DATA LISTING START

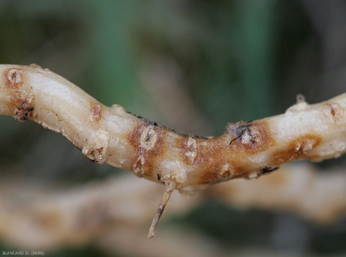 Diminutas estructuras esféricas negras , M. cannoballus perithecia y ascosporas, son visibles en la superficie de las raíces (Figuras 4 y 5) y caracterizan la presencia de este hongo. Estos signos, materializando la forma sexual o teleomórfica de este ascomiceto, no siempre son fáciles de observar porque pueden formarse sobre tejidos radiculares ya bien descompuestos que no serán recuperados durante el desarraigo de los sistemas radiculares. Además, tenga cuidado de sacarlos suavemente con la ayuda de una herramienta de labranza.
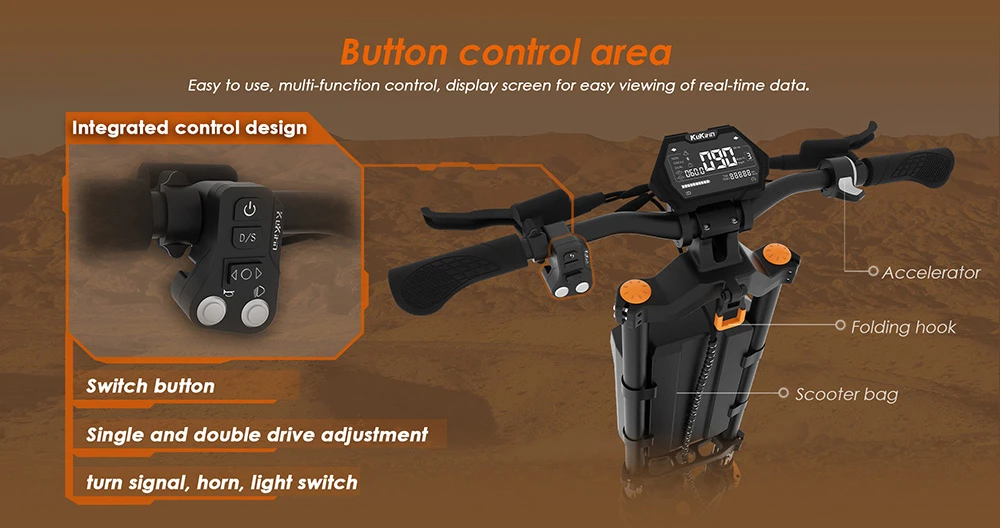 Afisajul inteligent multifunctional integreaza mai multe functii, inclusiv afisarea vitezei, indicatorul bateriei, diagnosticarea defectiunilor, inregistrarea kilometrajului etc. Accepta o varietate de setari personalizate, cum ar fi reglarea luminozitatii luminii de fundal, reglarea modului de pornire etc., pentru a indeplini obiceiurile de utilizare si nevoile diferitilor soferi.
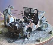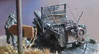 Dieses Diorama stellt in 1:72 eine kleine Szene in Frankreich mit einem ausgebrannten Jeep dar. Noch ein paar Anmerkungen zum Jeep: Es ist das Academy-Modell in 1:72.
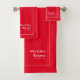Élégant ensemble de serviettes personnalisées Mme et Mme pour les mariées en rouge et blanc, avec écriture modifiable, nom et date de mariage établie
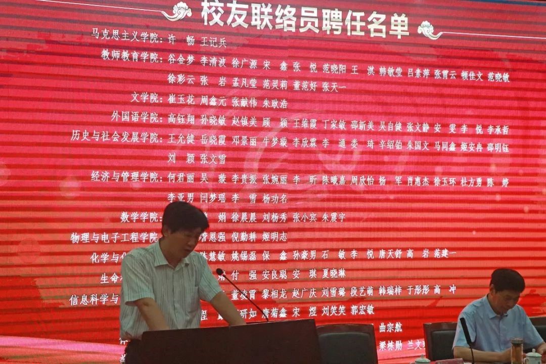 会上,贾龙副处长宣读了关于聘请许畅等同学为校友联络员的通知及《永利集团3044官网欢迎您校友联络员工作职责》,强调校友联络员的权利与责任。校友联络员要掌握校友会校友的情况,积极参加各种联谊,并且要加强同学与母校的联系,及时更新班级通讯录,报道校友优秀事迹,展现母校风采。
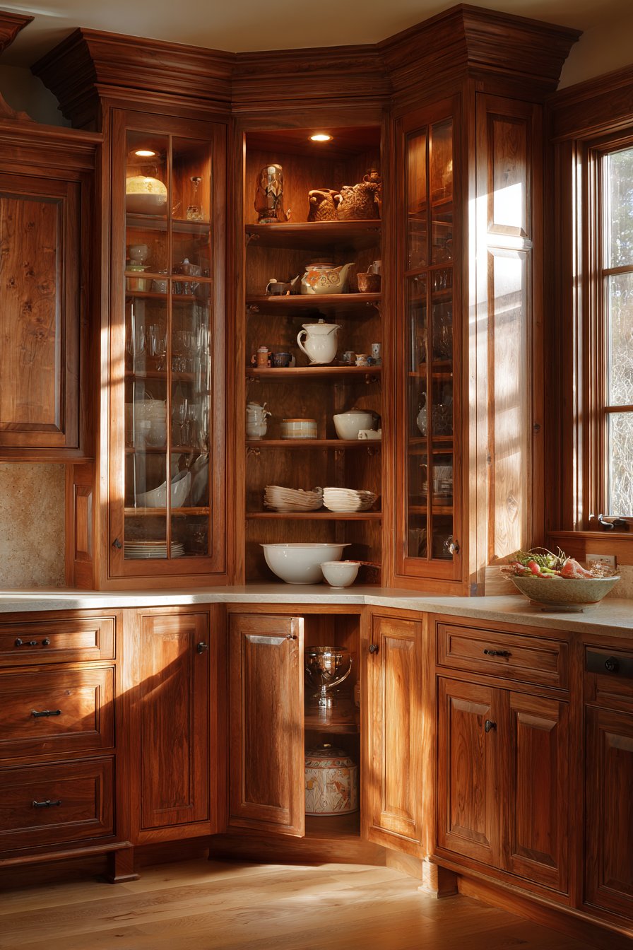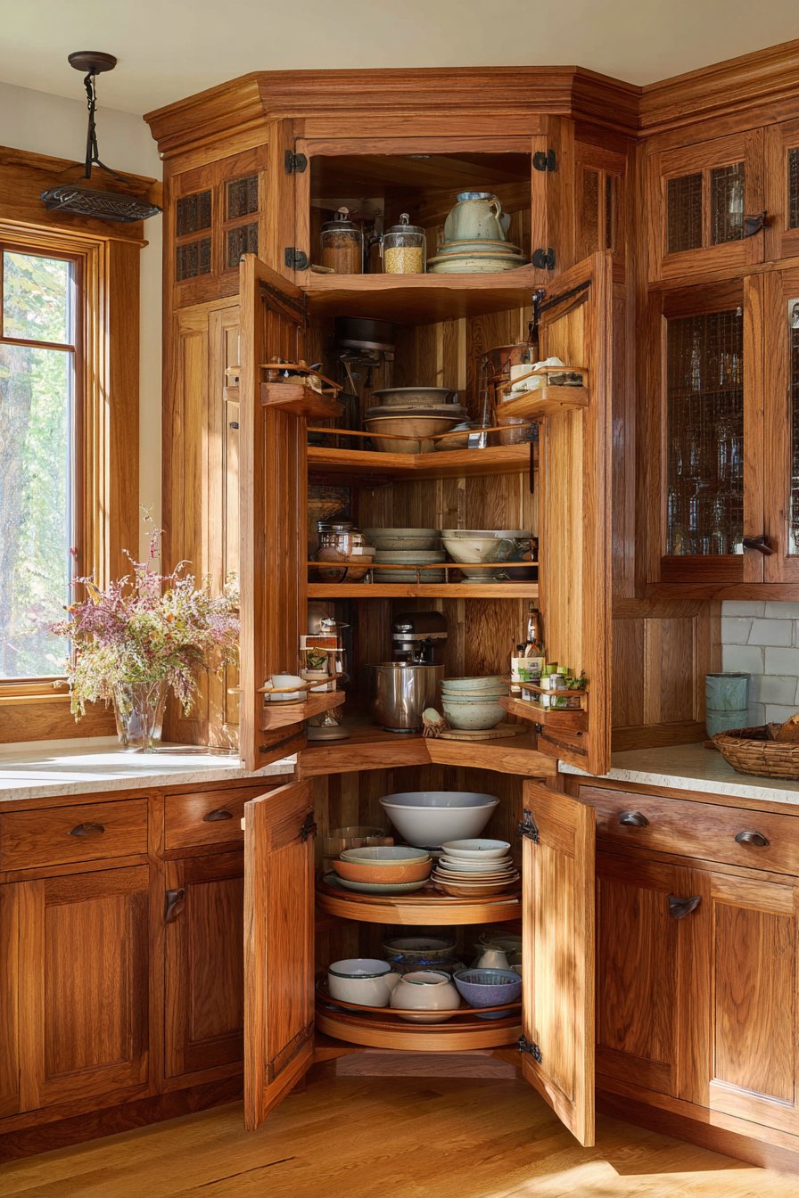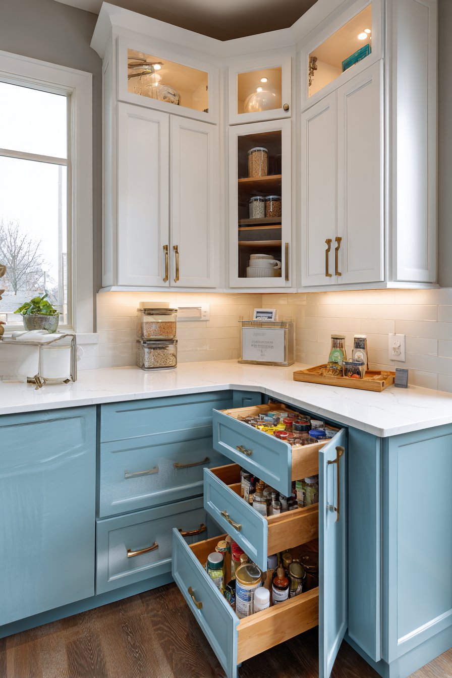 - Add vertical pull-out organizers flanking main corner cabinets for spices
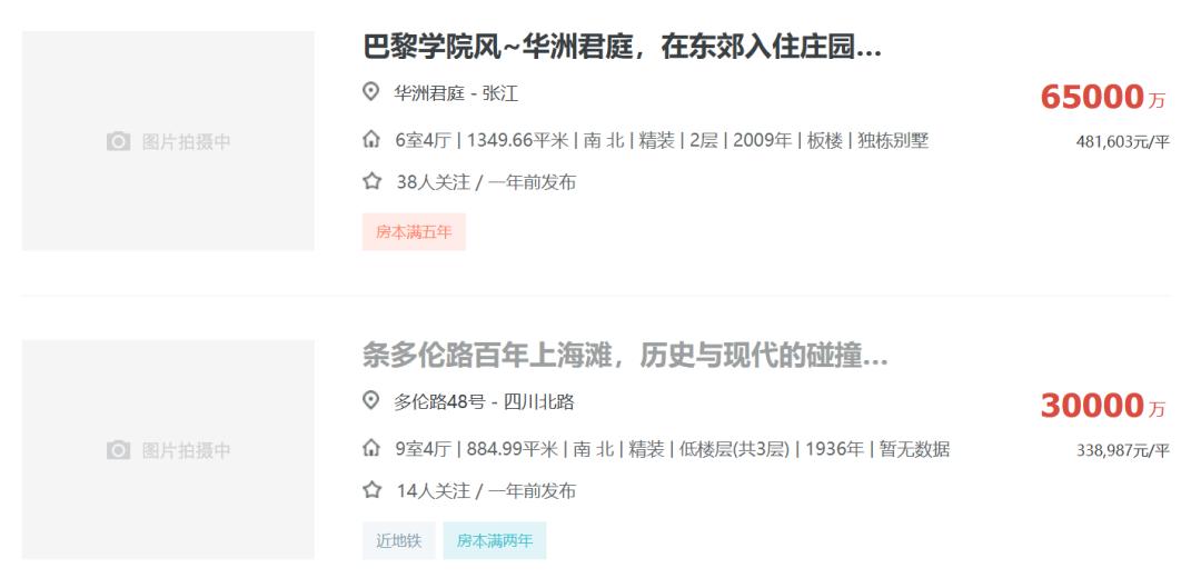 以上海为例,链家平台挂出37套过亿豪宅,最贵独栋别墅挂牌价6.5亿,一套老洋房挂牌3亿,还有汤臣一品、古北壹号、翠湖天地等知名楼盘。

DATA LISTING END

- [ASSIGNED TASK]
What is needed is every record above printed exactly, with no pictures.

- [ANSWER FOR THE TASK]
 Diminutas estructuras esféricas negras , M. cannoballus perithecia y ascosporas, son visibles en la superficie de las raíces (Figuras 4 y 5) y caracterizan la presencia de este hongo. Estos signos, materializando la forma sexual o teleomórfica de este ascomiceto, no siempre son fáciles de observar porque pueden formarse sobre tejidos radiculares ya bien descompuestos que no serán recuperados durante el desarraigo de los sistemas radiculares. Además, tenga cuidado de sacarlos suavemente con la ayuda de una herramienta de labranza.
 Afisajul inteligent multifunctional integreaza mai multe functii, inclusiv afisarea vitezei, indicatorul bateriei, diagnosticarea defectiunilor, inregistrarea kilometrajului etc. Accepta o varietate de setari personalizate, cum ar fi reglarea luminozitatii luminii de fundal, reglarea modului de pornire etc., pentru a indeplini obiceiurile de utilizare si nevoile diferitilor soferi.
 Dieses Diorama stellt in 1:72 eine kleine Szene in Frankreich mit einem ausgebrannten Jeep dar. Noch ein paar Anmerkungen zum Jeep: Es ist das Academy-Modell in 1:72.
Élégant ensemble de serviettes personnalisées Mme et Mme pour les mariées en rouge et blanc, avec écriture modifiable, nom et date de mariage établie
 会上,贾龙副处长宣读了关于聘请许畅等同学为校友联络员的通知及《永利集团3044官网欢迎您校友联络员工作职责》,强调校友联络员的权利与责任。校友联络员要掌握校友会校友的情况,积极参加各种联谊,并且要加强同学与母校的联系,及时更新班级通讯录,报道校友优秀事迹,展现母校风采。
 - Add vertical pull-out organizers flanking main corner cabinets for spices
 以上海为例,链家平台挂出37套过亿豪宅,最贵独栋别墅挂牌价6.5亿,一套老洋房挂牌3亿,还有汤臣一品、古北壹号、翠湖天地等知名楼盘。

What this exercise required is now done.